2.強盗罪が成立するには、実際に被害者の反抗が抑圧されたことを要しない 

 

1.事案の概要 

 

 被告人らは生活費がなく困っていたので、深夜に時計商宅に侵入し、被害者に草刈鎌やナイフを突きつけ「静かにしろ「金を出せ」といって脅迫して現金3170円、ライター、時計等を強奪しました。その際、被害者の犯行は抑圧されることはなく、畏怖するにとどまりました。 

 

(関連条文) 

・刑法236条1項 「暴行又は脅迫を用いて他人の財物を強取した者は、強盗の罪とし、5年以上の有期懲役に処する。 
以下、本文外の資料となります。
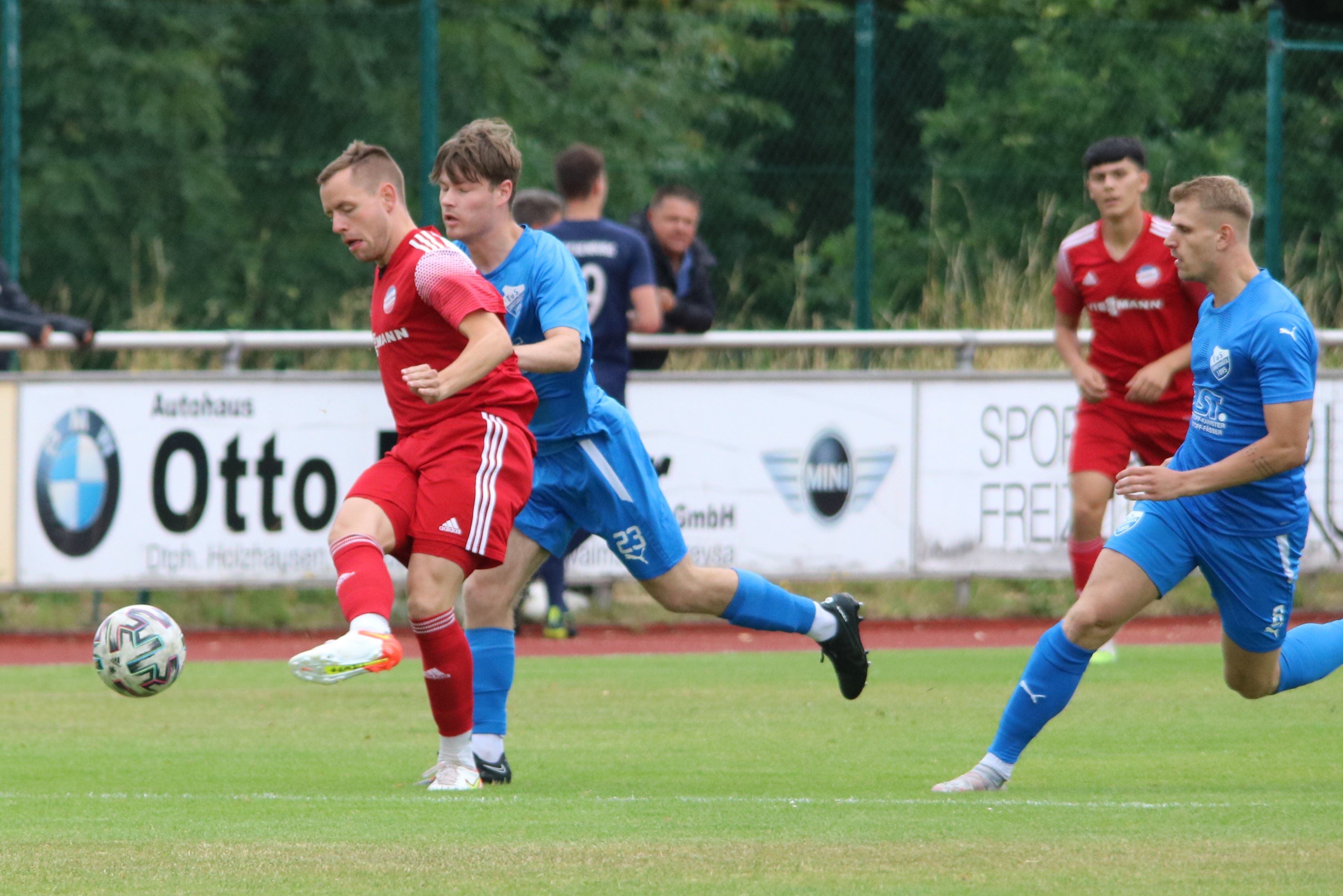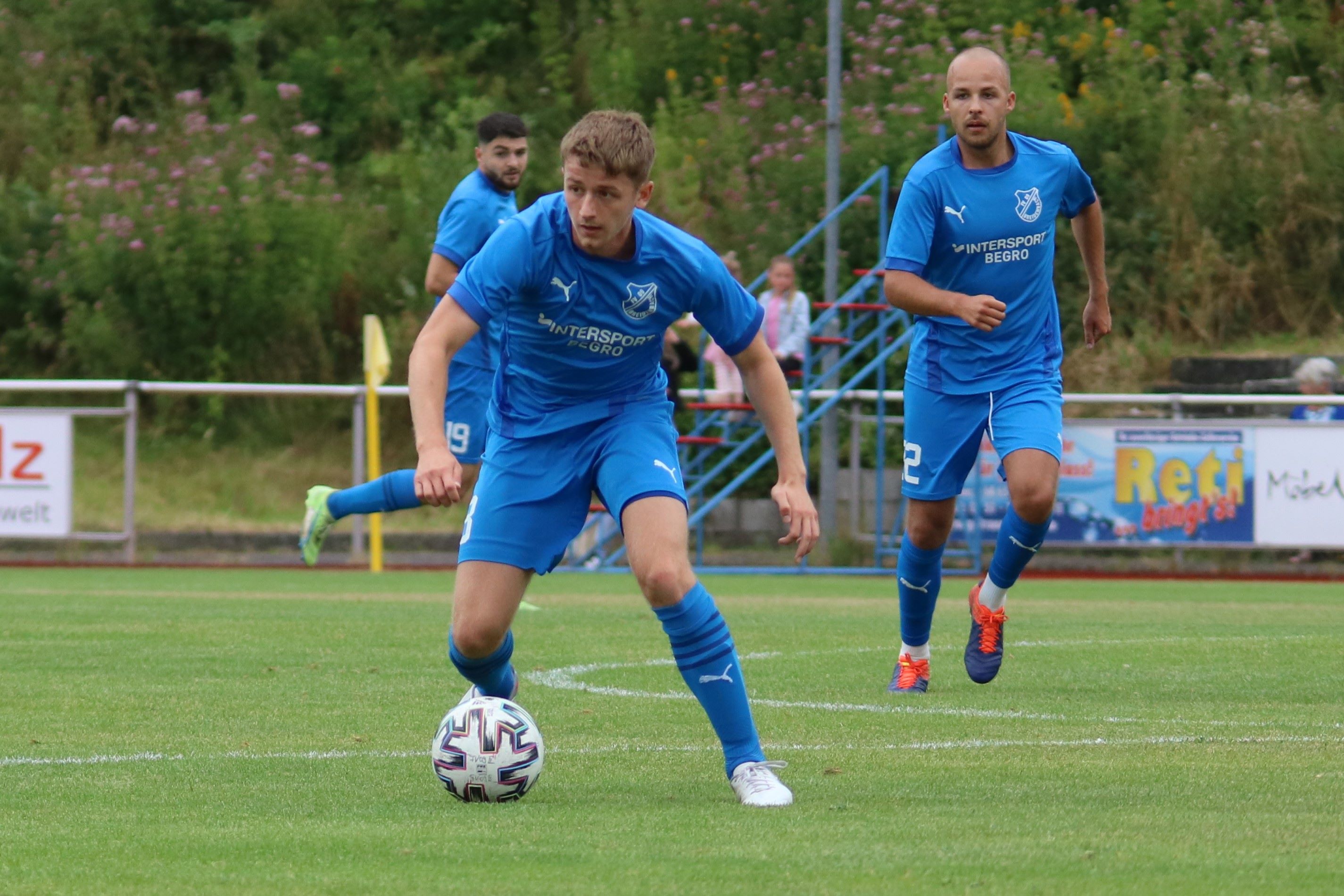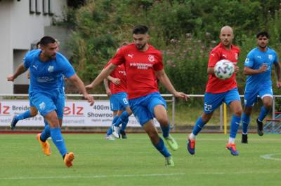 (23.07.2023/FS) In einem gut besetzten Viererturnier präsentierte der FV 09 Breidenbach am Sonntagnachmittag seinen Zuschauern die Elf, die in der Saison 23/24 in der Verbandsliga Mitte die blau-weißen Farben vertreten wird. Mit dem letztjährigen Turniersieger FC Ederbergland stand der Verbandsligavizemeister der vergangenen Saison ebenso wie die SG Eschenburg als letztjähriger Turnierzweiter im Teilnehmerfeld. Neu dabei präsentierte der NRW-Oberligaabsteiger TuS Erndtebrück mit seinem neuen Team die Elf, die den Wiederaufstieg in die Oberliga Westfalen schaffen soll.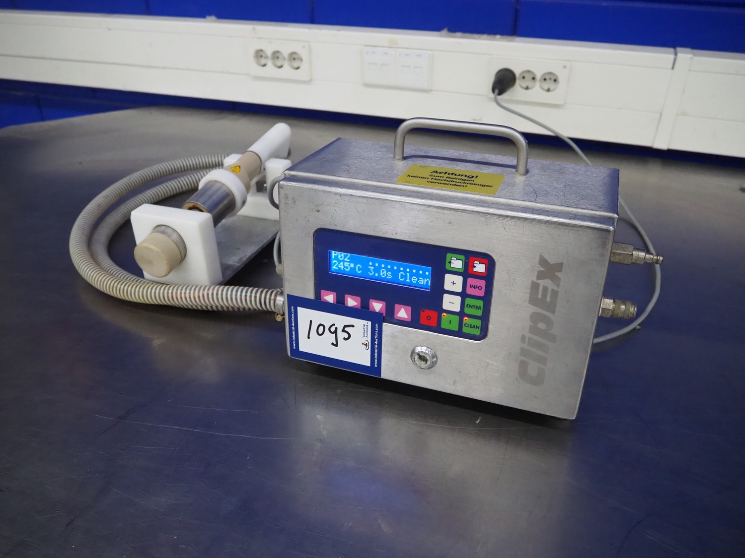 Frey casing sealer, type: CLIPEX, machine number: CXC1202900, year of construction: 2010, 230 V, 50/60 Hz, 0.5 kW, dimensions: (1x) 350 mm x 150 mm x 220 mm, (1x) 400 mm x 100 mm x 120 mm.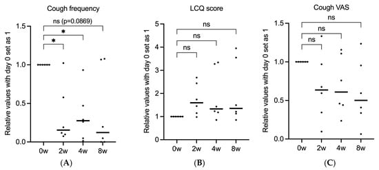 2.3. LCQ Score, Cough VAS, and Cough Frequency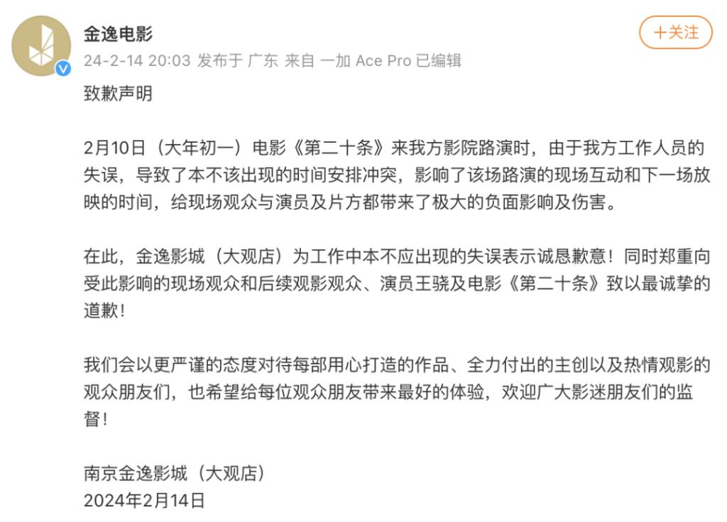 2 月 10 日(大年初一)电影《第二十条》来我方影院路演时,由于我方工作人员的失误,导致了本不该出现的时间安排冲突,影响了该场路演的现场互动和下一场放映的时间,给现场观众与演员及片方都带来了极大的负面影响及伤害。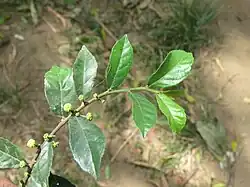 Streblus asper is a species of flowering plant in the family Moraceae.[2][3] This tree is sometimes referred to by the common names Siamese rough bush, khoi, serut, and toothbrush tree. It is a medium-sized tree native to dry regions in the Andaman Islands, Assam, Bangladesh, Cambodia, South-Central and Southeast China, East and West Himalaya, Hainan, India, Indonesia, Java, Laos, the Lesser Sunda Islands, Malaysia, Myanmar, Nepal, the Nicobar Islands, Pakistan, the Philippines, Sri Lanka, Sumatra, Thailand, and Vietnam.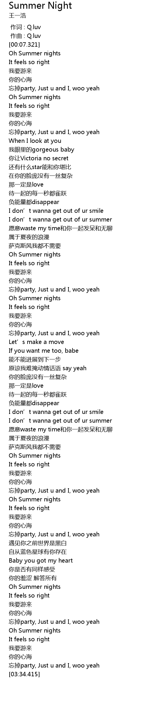 | [02:10.921] | I don' t wanna get out of ur summer |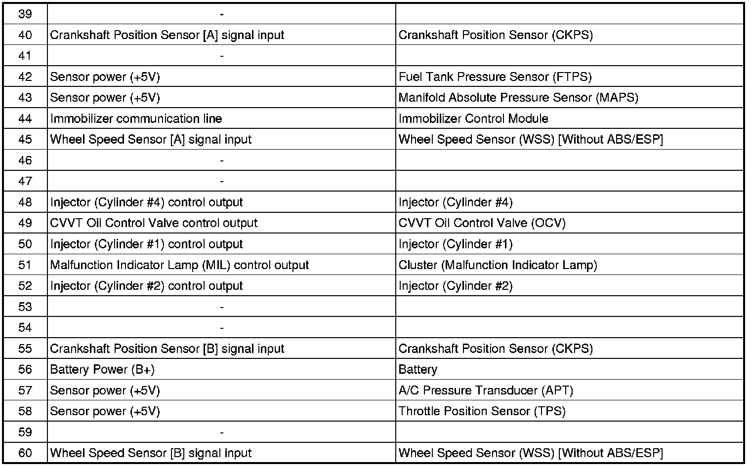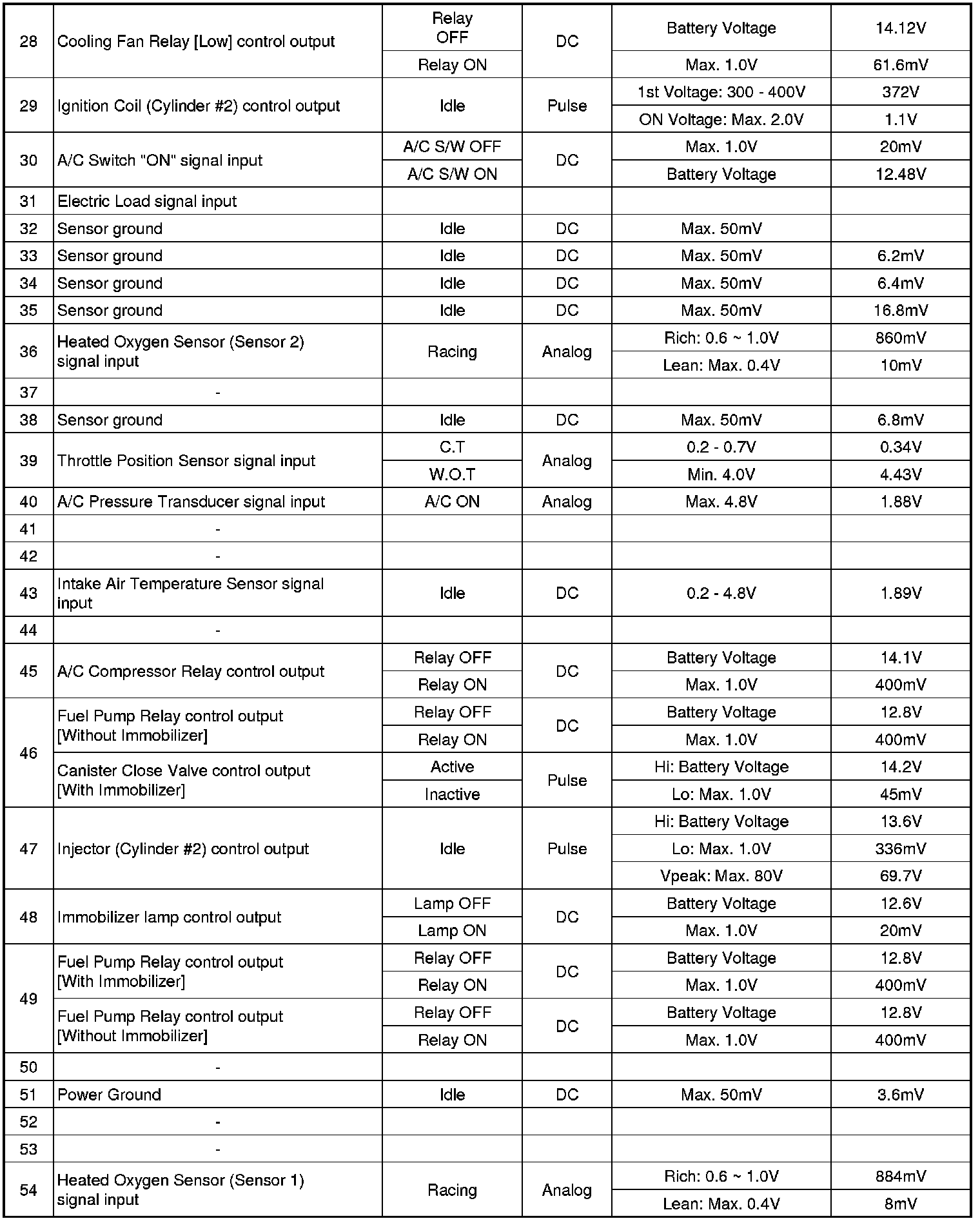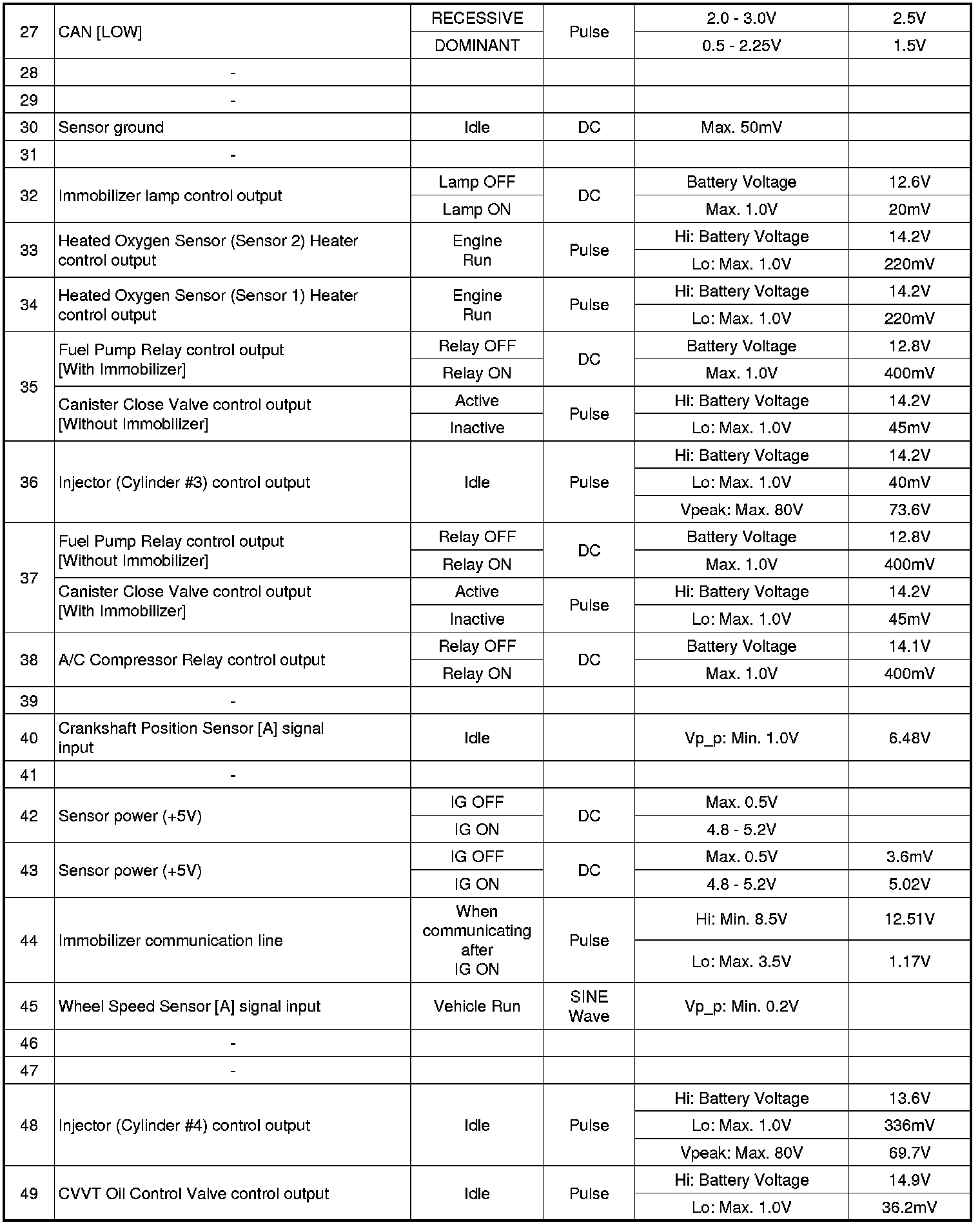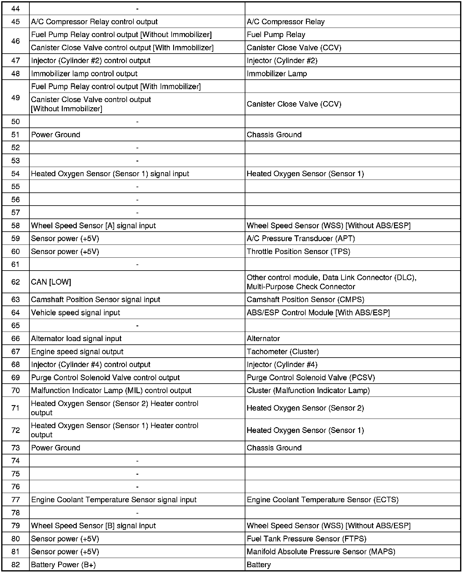 ECM Terminal And Input/Output signal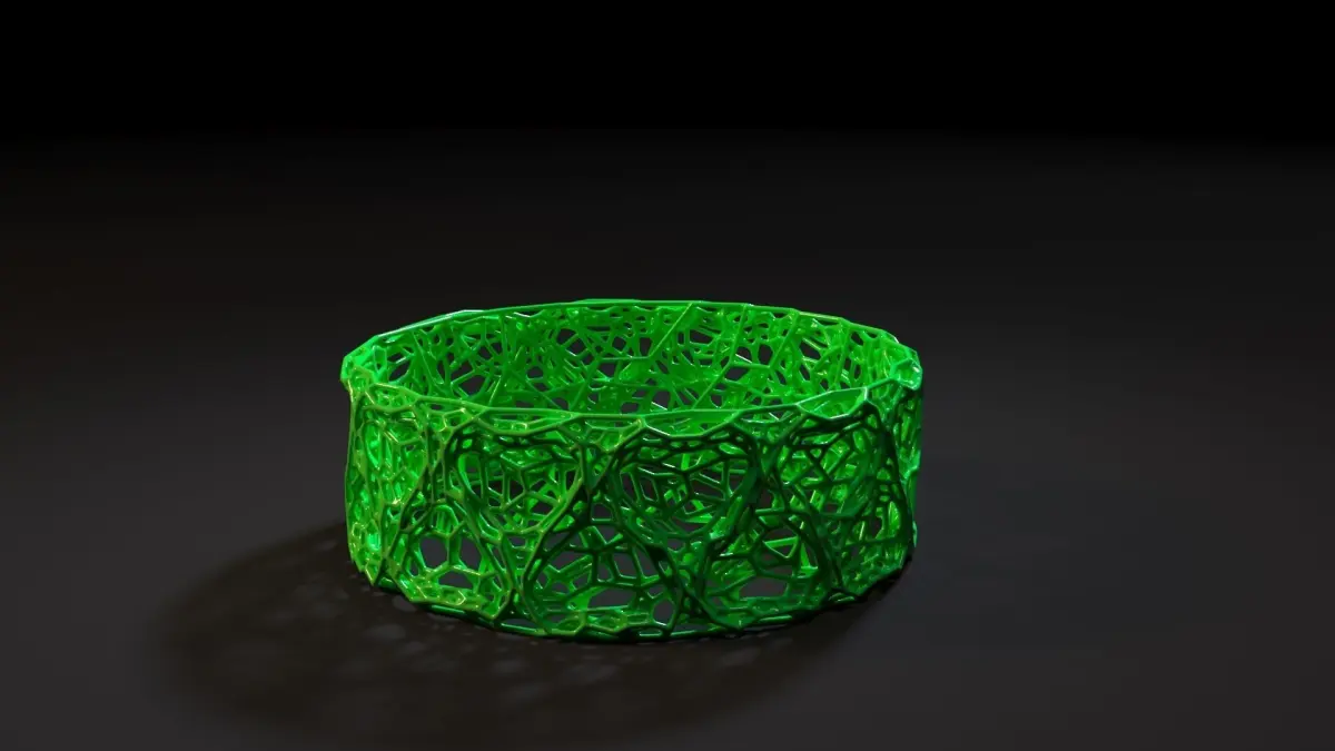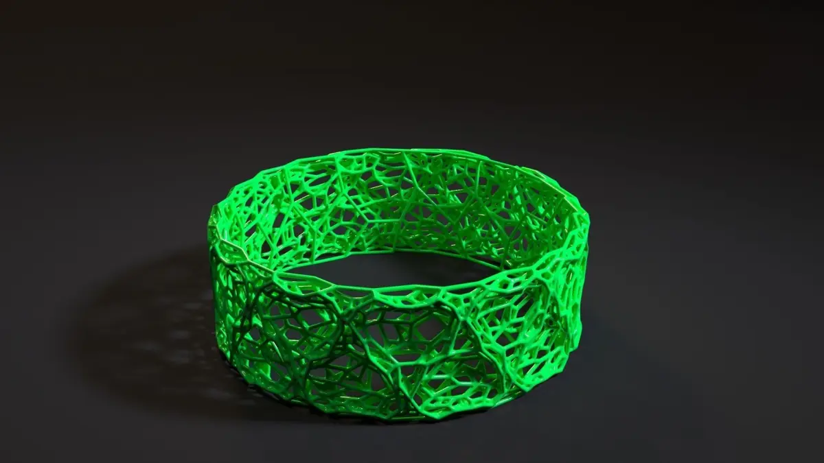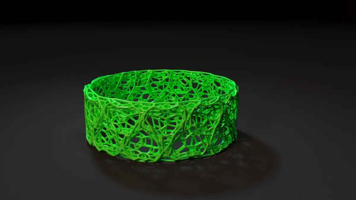 Bracelet voronoi. Decoration. Bijouterie. Unusual and stylish wardrobe item. The model is ready for 3D printing. The archive contains files: 3ds max, stl, fbx, obj. Thank you for choosing us)))

・刑法249条1項 「人を恐喝して財物を交付させた者は、10年以下の懲役に処する。 

 

【争点】 

・強盗罪の成立には、被害者の犯行が実際に抑圧されたことを要するか 

 

2.判旨と解説 

 

*強盗罪の解説はこちら 

 

 本件で弁護人は、被害者は未だ精神・身体共に完全に制圧されるに至っていないため、恐喝罪(刑法249条が成立するにとどまると主張しました。 

 

恐喝罪の成立要件にも暴行・脅迫があることから、強盗罪と恐喝罪の区別が必要になります。また、本件の被害者は畏怖したにとどまり、犯行が抑圧されるまでは至っていません。そのため、強盗罪の成立には暴行・脅迫→反抗抑圧→財物奪取を要するとの見解に立った場合、強盗は既遂とはならず、強盗未遂、恐喝既遂が成立するにとどまることになります。 

 

 本件で最高裁は、強盗罪の暴行・脅迫は、社会通念上被害者の犯行を抑圧するに足る程度のものであることを要するとしました。また、暴行・脅迫によって実際に相手方の反抗を制圧することを要しないとしました。そして、暴行・脅迫と財物奪取に因果関係があることを指摘して、強盗既遂罪の成立を認めました。 

 

しかし、強盗罪の成立には被告人が社会通念上被害者の反抗を抑圧するに足る暴行又は脅迫を加え、それに因って被害者から財物を強取した事実が存すれば足りるのであつて所論のごとく被害者が被告人の暴行脅迫に因ってその精神及び身体の自由を完全に制圧されることを必要としない。そして原審は論旨摘録のように被告人等が判示午前一時頃屋内に侵入し被告人A及び右Bはそれぞれ草刈鎌を被告人Cはナイフを被害者D等に突付け交々「静にしろ」「金を出せ」等言って脅迫し同人を畏怖させその所有の現金三千百七十円、腕時計、懐中時計、ライター等四十数点を強奪しと判示して被告人等が社会通念上被害者の反抗を抑圧するに足る脅迫を加え、これに因って被害者が畏怖した事実をも明に説示して手段たる脅迫と財物の強取との間に因果関係の存することをも認定しているから、これに対し刑法第二四九条を適用せずに同法第二三六条第一項を適用したのは正当であって、原判決には所論のように法律の適用を誤った違反はない。論旨は理由がない。